## Task to carry out
Return, with both end lines included, exactly what the data below holds from the line with "新型氯氮共配位釕單原子電催化劑合成示意圖" through the line with "The effect of", though not the pictures.

(Data items)
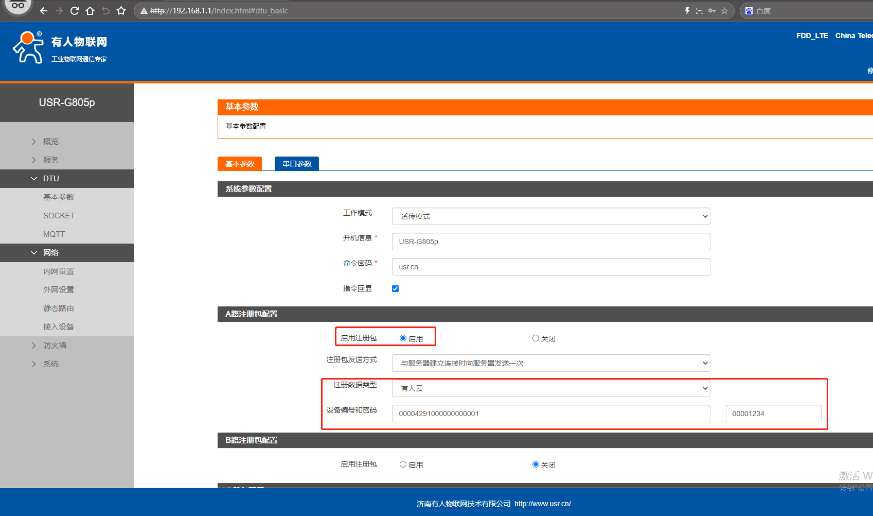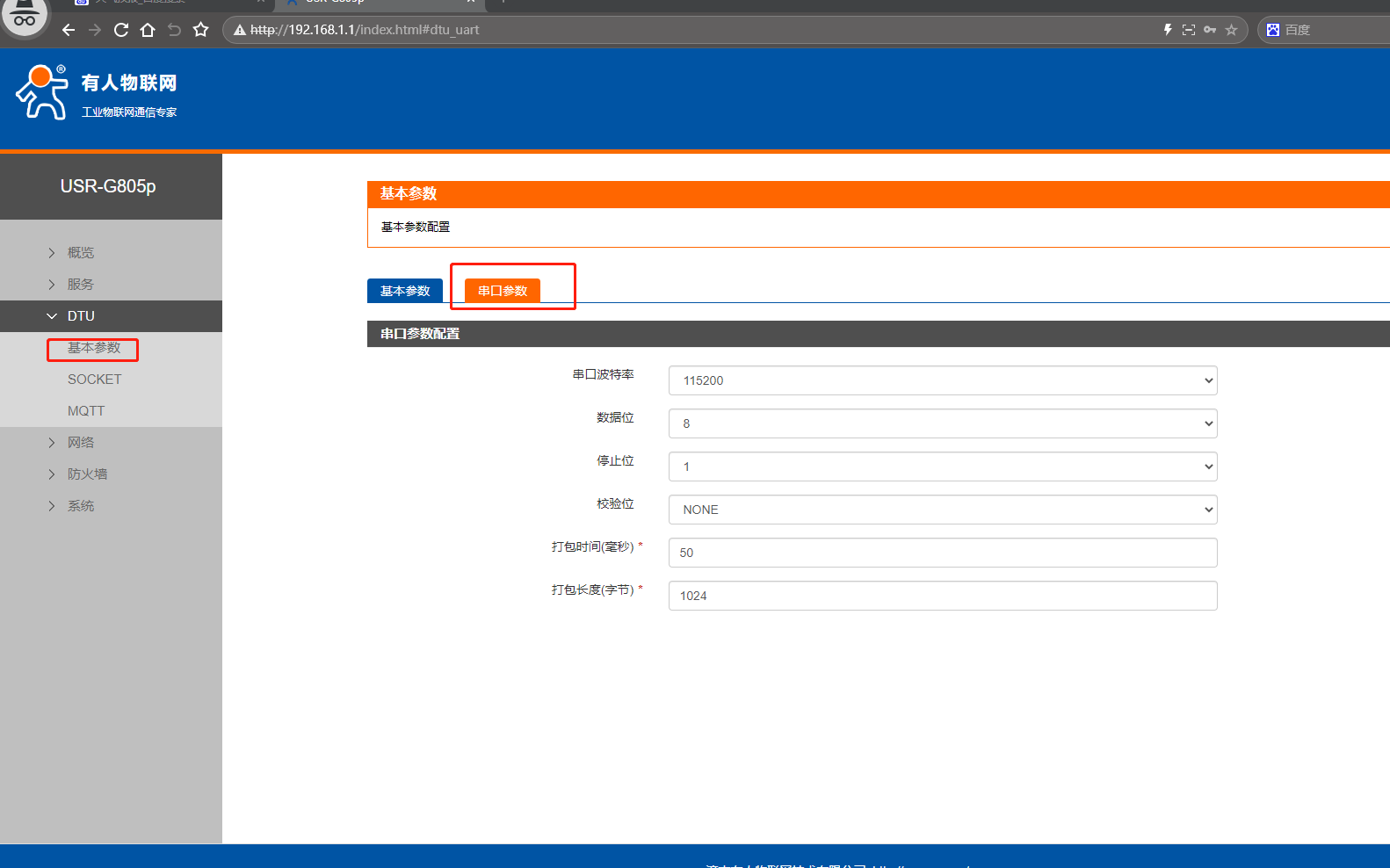 四、USR-G805p網(wǎng)頁(yè)參數(shù)設(shè)置
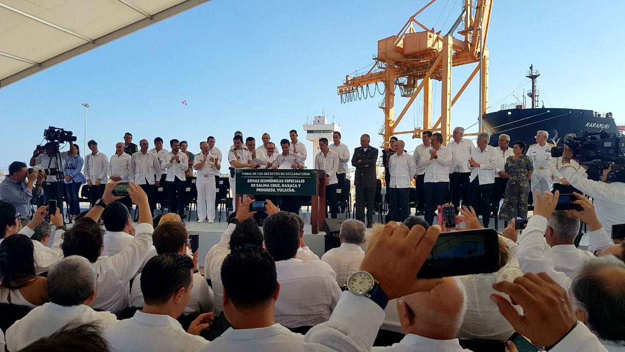 El anuncio se realizó en compañía de los gobernadores de Oaxaca, Alejandro Murat, y de Yucatán, Rolando Zapata Bello; así como titular de la Autoridad Federal para el Desarrollo de las ZEE, Gerardo Gutiérrez Candiani, así como de los secretarios de Estado Enrique de la Madrid (Secretaría de Turismo), Rosario Robles (Sría. de Desarrollo Agrario, Territorial y Urbano), Salvador Cienfuegos (Sría. de la Defensa), Vidal Francisco Soberón Sanz (Sría. de Marina), José Antonio González Anaya (Sría. de Hacienda), José Calzada Rovirosa (Sría. Agricultura) y Gerardo Ruiz Esparza (Sría. de Comunicaciones y Transportes).Qué es una Zona Económica Especial?
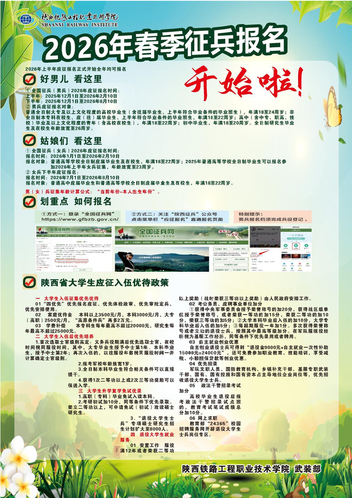 为深入贯彻上级关于鼓励大学生参军入伍的工作要求,进一步强化宣传动员力度,重点引导毕业学生响应号召、投身国防,选拔输送优质兵员助力国防和军队现代化建设,根据征兵工作相关规定,现就我校 2026 年春季大学生征兵工作有关事项通知如下:
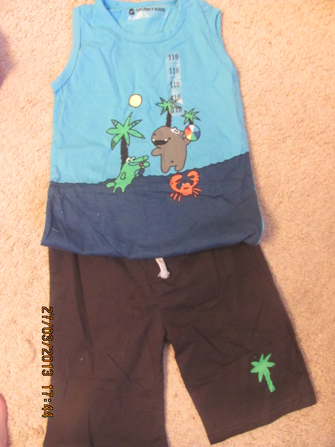 Костюмчик на мальчика трикотаж хороший,прошито все ровно,сбоку на маечке есть заклепочки, бриджики удлиненные
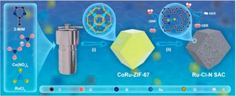 新型氯氮共配位釕單原子電催化劑合成示意圖
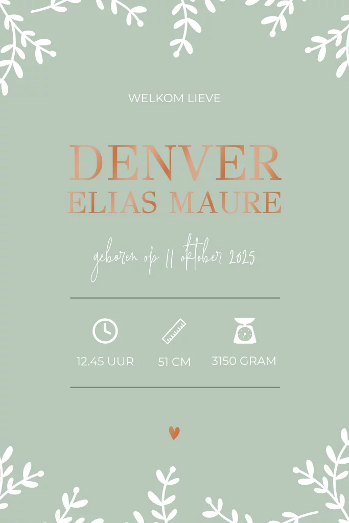 Een stoere geboorteposter die ook heel mooi matcht bij het pocketfoldkaartje 'Denver'. Je kunt de kleur van de poster en de folie zelf naar wens aanpassen in de editor.
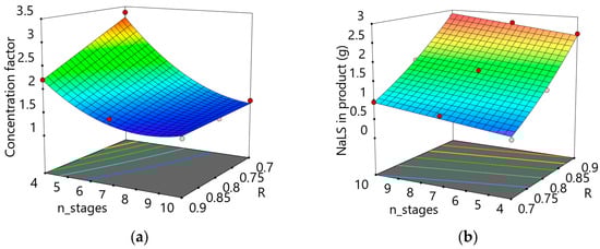 The effect of the number of stages and the rejection coefficients of the key component on the useful concentration factor (a) and the mass of the recovered product in the permeate (b) (starting from an initial flow mass of 4 kg/h in a total stream mass flow of 100 kg/h). The regions close to the optimal points are shown in blue color, the darker being the optimal area. The region far from optimal points are in other colors of the spectrum.
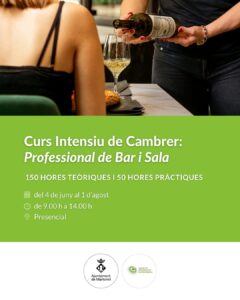 El curs té per objectiu formar cambrers capaços de desenvolupar de manera professional les tasques de bar i sala, aplicant les normes higienicosanitàries, gestionant el servei d’aliments i begudes, i realitzant operacions bàsiques de preparació, emmagatzematge i atenció al client, tot completant una estada de pràctiques professionals.
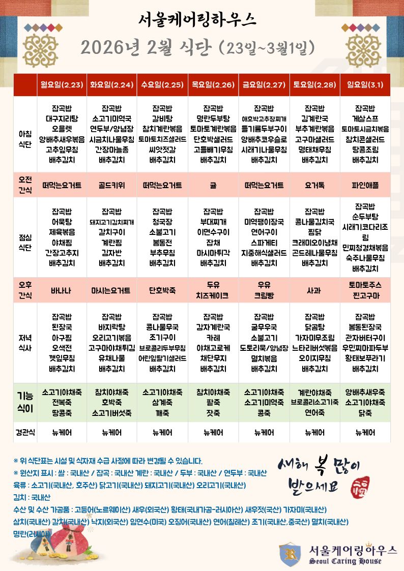 26³â 2¿ù½Ä´ÜÇ¥ (2¿ù23ÀÏ~3¿ù1ÀÏ)
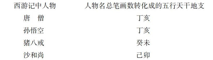 猪八戒的名字癸未,常常反对唐僧和悟空,特别是悟空。因为癸要灭丁火,未要克壬水;对于唐僧,表面反对,但心里还是有些服气的,因为甲己有合局。当猪八戒反对悟空时,沙和尚是会劝阻的。

## Final answer
 新型氯氮共配位釕單原子電催化劑合成示意圖
 Een stoere geboorteposter die ook heel mooi matcht bij het pocketfoldkaartje 'Denver'. Je kunt de kleur van de poster en de folie zelf naar wens aanpassen in de editor.
 The effect of the number of stages and the rejection coefficients of the key component on the useful concentration factor (a) and the mass of the recovered product in the permeate (b) (starting from an initial flow mass of 4 kg/h in a total stream mass flow of 100 kg/h). The regions close to the optimal points are shown in blue color, the darker being the optimal area. The region far from optimal points are in other colors of the spectrum.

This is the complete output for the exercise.